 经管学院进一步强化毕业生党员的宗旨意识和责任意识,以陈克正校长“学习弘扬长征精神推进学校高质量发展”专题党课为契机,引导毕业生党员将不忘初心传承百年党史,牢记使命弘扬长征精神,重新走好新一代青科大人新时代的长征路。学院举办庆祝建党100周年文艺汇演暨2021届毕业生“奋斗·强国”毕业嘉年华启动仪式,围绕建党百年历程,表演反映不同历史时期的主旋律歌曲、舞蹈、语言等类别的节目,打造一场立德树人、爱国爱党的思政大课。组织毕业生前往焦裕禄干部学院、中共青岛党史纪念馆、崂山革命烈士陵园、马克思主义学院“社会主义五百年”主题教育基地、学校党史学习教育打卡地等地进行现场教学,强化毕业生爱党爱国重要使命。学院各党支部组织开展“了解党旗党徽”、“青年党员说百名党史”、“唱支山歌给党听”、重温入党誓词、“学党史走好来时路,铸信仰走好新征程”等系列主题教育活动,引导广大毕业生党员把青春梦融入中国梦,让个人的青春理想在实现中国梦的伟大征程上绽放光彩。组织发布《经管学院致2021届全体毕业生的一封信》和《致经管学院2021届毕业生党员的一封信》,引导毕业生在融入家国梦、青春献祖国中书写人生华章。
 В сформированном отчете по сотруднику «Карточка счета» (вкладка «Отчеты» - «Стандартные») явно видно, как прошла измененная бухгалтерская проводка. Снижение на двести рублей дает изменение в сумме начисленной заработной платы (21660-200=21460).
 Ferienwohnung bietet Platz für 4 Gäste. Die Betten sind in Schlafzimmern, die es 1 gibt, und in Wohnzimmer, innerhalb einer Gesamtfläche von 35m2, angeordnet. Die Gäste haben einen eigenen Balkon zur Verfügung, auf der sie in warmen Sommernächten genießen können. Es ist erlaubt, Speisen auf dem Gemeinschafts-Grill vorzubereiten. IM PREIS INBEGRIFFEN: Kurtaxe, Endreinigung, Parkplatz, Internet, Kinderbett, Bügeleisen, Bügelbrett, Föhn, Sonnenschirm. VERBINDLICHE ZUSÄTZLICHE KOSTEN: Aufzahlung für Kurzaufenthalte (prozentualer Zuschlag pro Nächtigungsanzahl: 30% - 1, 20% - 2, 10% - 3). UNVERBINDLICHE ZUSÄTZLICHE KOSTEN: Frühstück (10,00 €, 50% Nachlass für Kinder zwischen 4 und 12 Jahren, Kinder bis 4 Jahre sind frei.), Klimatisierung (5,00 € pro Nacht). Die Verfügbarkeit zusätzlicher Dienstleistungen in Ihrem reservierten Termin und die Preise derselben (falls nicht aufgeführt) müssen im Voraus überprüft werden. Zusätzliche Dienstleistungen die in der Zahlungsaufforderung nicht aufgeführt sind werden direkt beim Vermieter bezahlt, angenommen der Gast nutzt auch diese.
==
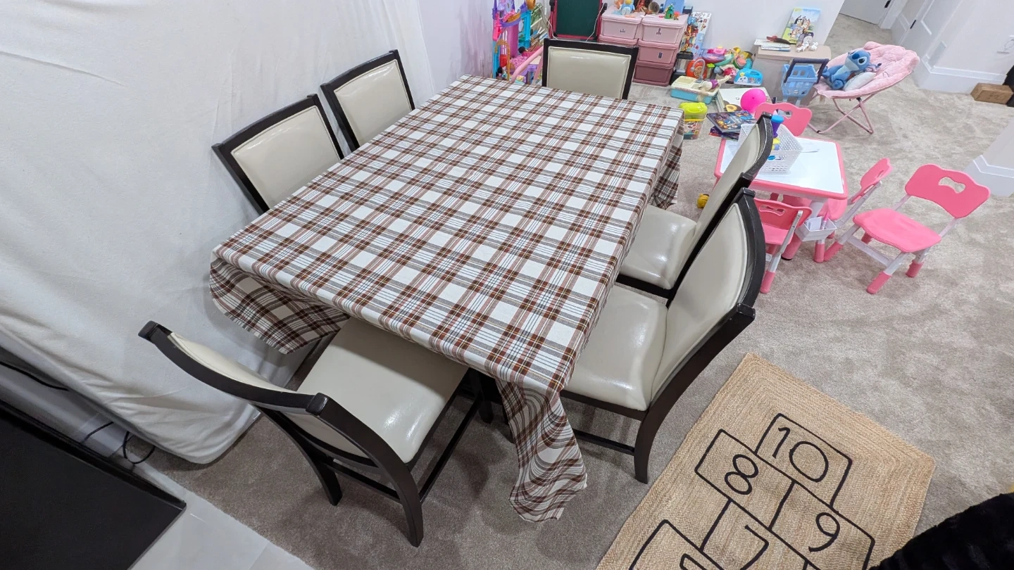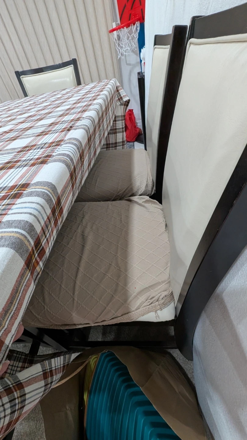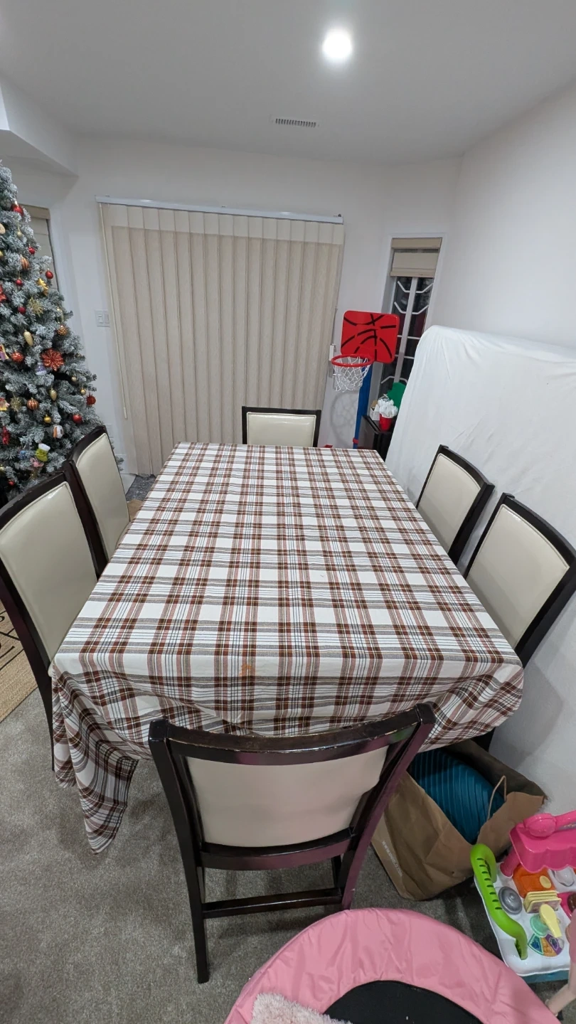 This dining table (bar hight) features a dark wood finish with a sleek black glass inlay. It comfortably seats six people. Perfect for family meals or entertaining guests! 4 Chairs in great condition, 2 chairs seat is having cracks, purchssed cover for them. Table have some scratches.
...
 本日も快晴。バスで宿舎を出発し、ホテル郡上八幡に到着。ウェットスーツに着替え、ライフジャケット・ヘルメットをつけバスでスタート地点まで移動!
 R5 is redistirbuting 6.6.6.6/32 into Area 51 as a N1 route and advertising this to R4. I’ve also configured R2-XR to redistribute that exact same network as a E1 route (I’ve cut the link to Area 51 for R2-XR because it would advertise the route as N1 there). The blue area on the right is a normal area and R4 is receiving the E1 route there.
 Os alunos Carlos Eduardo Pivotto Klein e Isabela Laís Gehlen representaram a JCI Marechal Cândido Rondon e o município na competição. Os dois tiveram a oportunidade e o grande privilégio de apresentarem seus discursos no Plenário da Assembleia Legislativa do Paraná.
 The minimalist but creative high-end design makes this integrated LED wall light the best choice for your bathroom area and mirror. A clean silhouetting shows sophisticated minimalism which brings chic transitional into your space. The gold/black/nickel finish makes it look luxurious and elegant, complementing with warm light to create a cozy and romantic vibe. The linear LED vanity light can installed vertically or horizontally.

**Goal of the exercise:**
Going down the listing above, begin printing at the line with "R5 is redistirbuting" and finish with the line with "Os alunos Carlos", exactly as they appear.

**Answer to this task:**
 R5 is redistirbuting 6.6.6.6/32 into Area 51 as a N1 route and advertising this to R4. I’ve also configured R2-XR to redistribute that exact same network as a E1 route (I’ve cut the link to Area 51 for R2-XR because it would advertise the route as N1 there). The blue area on the right is a normal area and R4 is receiving the E1 route there.
 Os alunos Carlos Eduardo Pivotto Klein e Isabela Laís Gehlen representaram a JCI Marechal Cândido Rondon e o município na competição. Os dois tiveram a oportunidade e o grande privilégio de apresentarem seus discursos no Plenário da Assembleia Legislativa do Paraná.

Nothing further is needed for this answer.